Despite irrational fears sometimes found in East Asia, this return to the old terminology doesn’t betray a wicked desire to return to prewar militarism; rather, it occurs because the prewar terms are the terms still used by other nations and cross all international boundaries, including some like Sweden or Switzerland that haven’t fought a war in more than two centuries. This makes them easy to use in regular conversation. Indeed, among themselves JSDF personnel often use the simpler terms “Army,” “Navy,” and “Air Force” not only because they’re easier to use but also because they reflect a broader tradition of military history and culture. The JSDF has only been a “defense force” for 65 years; it was an “armed force” during its formative years in the 19th century, and its tradition reflects such a history. A similar analogue can be found when the United States changed its “Department of War” to the “Department of Defense;” historically difficult to part from, the name change carries subtle differences in goals and reflects a changing policy world, yet the traditions of the War Department live on in the Department of Defense and in each individual service, unchanged by the name.

Today’s Implications

The name changes have had several notable implications. Some U.S. officers, now wishing for a more active defense partner in the Pacific, look upon the name changes with a combination of curiosity and regret. In most estimations, it was an experiment designed both to satisfy GHQ’s idealistic goals of demilitarization, best represented by Article IX of the constitution, and to minimize any chances of Japan returning to militarism in the way Germany did during the interwar period. Nevertheless, the new names became custom, and custom has become tradition; a change back to more direct and “warlike” terms will most likely only accompany a return to full-fledged Armed Forces status.

Adding new terms and eliminating old ones has also served to increase the gulf between the JSDF and the civil population. Already unpopular in Japan, by changing the ranks and names of basic service functions, everyday citizens who shunned military matters lost even more of their basic military awareness. In contrast with the average U.S. citizen who at least has heard the word “sergeant” and may grasp the basic differences between the services, for a long time Japanese, from the lowliest pauper to the highest policymakers, actively scorned the JSDF. Facing neglect from their own countrymen and forced to use names that intentionally emasculate them, it is no wonder the JSDF revert to the old names on occasion; to do otherwise would not only be to ignore their own history but would also be self-deprecating and potentially harmful to unit morale.
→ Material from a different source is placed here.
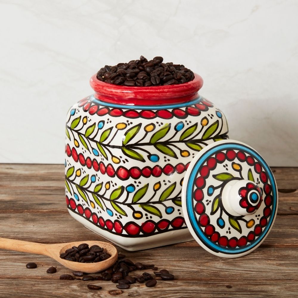 Ceramic Large Palestine Colorful Vine Canister Set
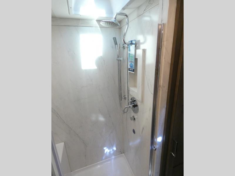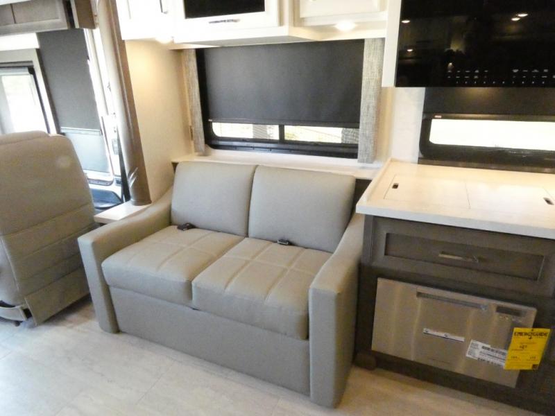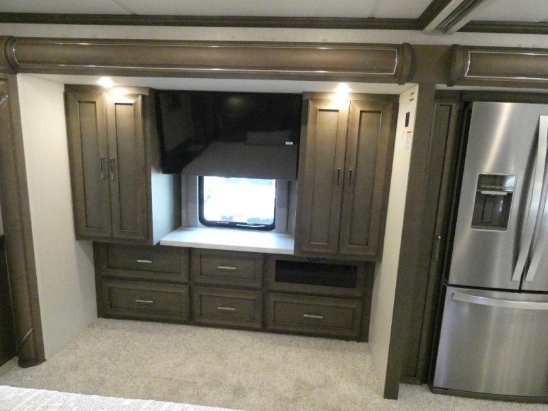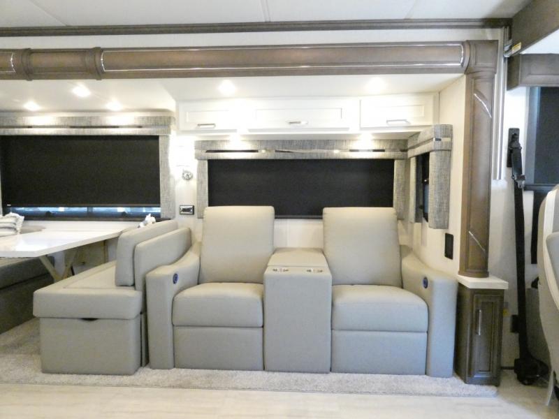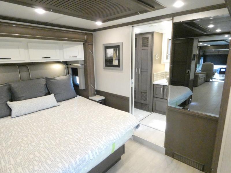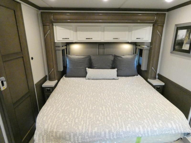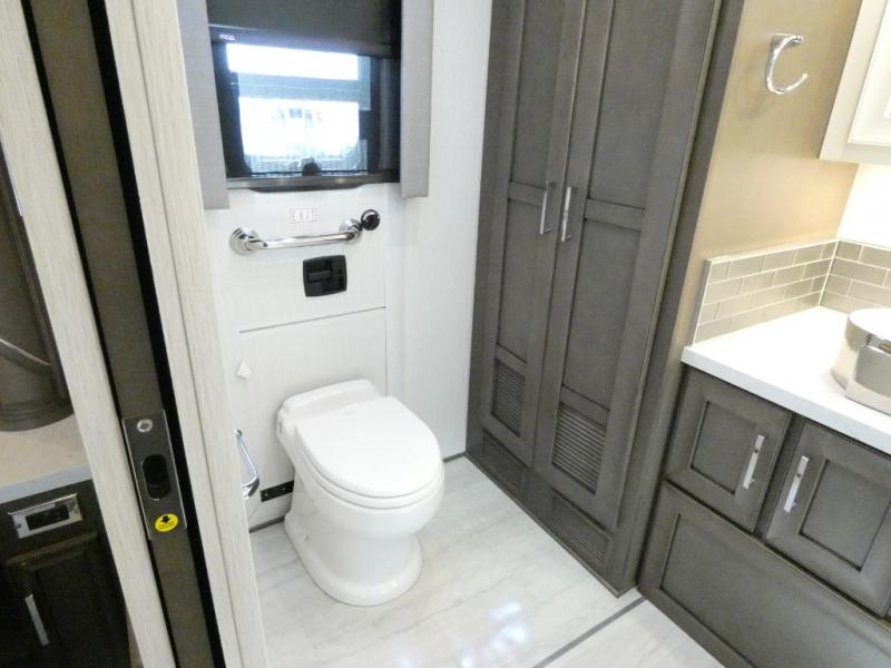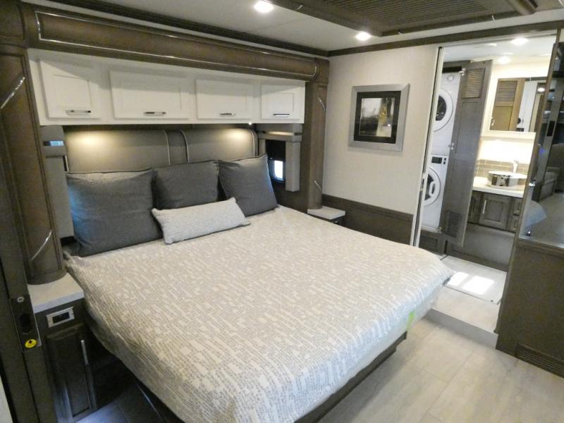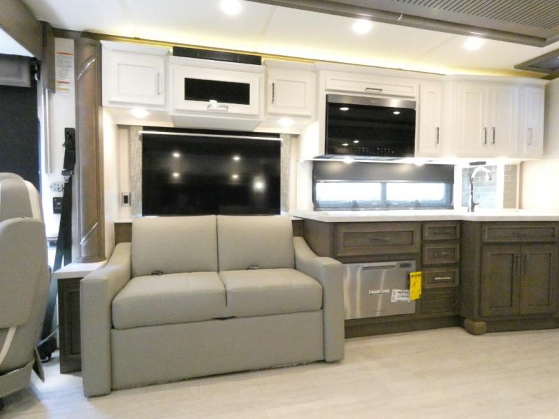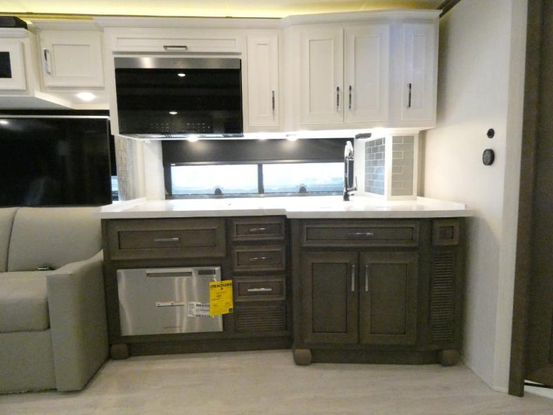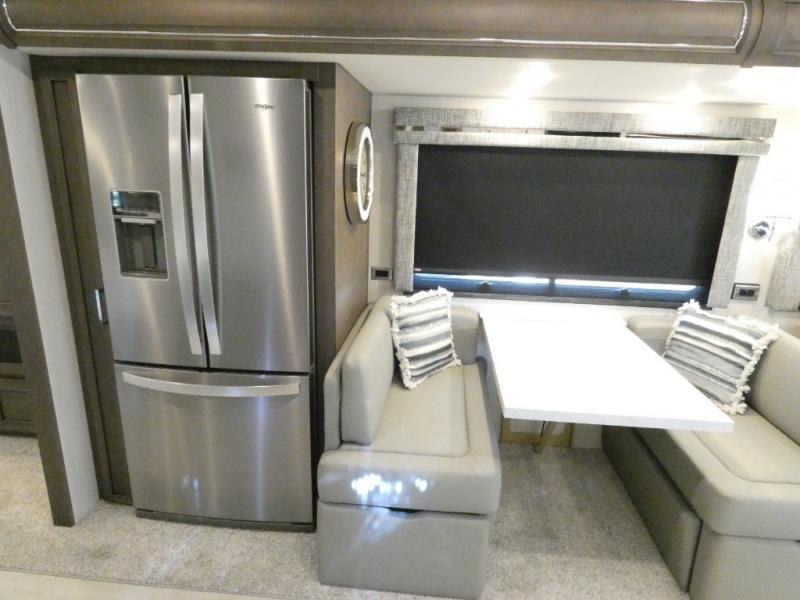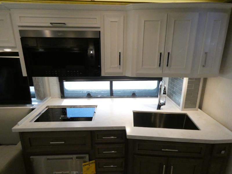 Packed with features and luxury to make each trip enjoyable, this coach is the one! You will love waking up each morning on your king bed across from dual wardrobes, a dresser, plus a bedroom LED TV. The spacious full rear bath includes a Fan-Tastic vent and a skylight to let natural light in, and the mid-ship half bath will be perfect for guests! Within the kitchen you'll find a stainless steel convection microwave and electric induction cooktop, along with a Whirlpool 19.7 cu. ft. refrigerator.

No matter the opinion, the postwar military terminology changes reflect a substantial though rarely discussed facet of everyday JSDF life that affects JSDF operations and reputation in ways seldom understood. Essentially possessing two lexicons, each politically charged in a different way, the JSDF continue their precarious balancing act between historical pride, postwar loathing, and reputation concerns in their daily operations, an unenviable position that other militaries have the luxury to be without.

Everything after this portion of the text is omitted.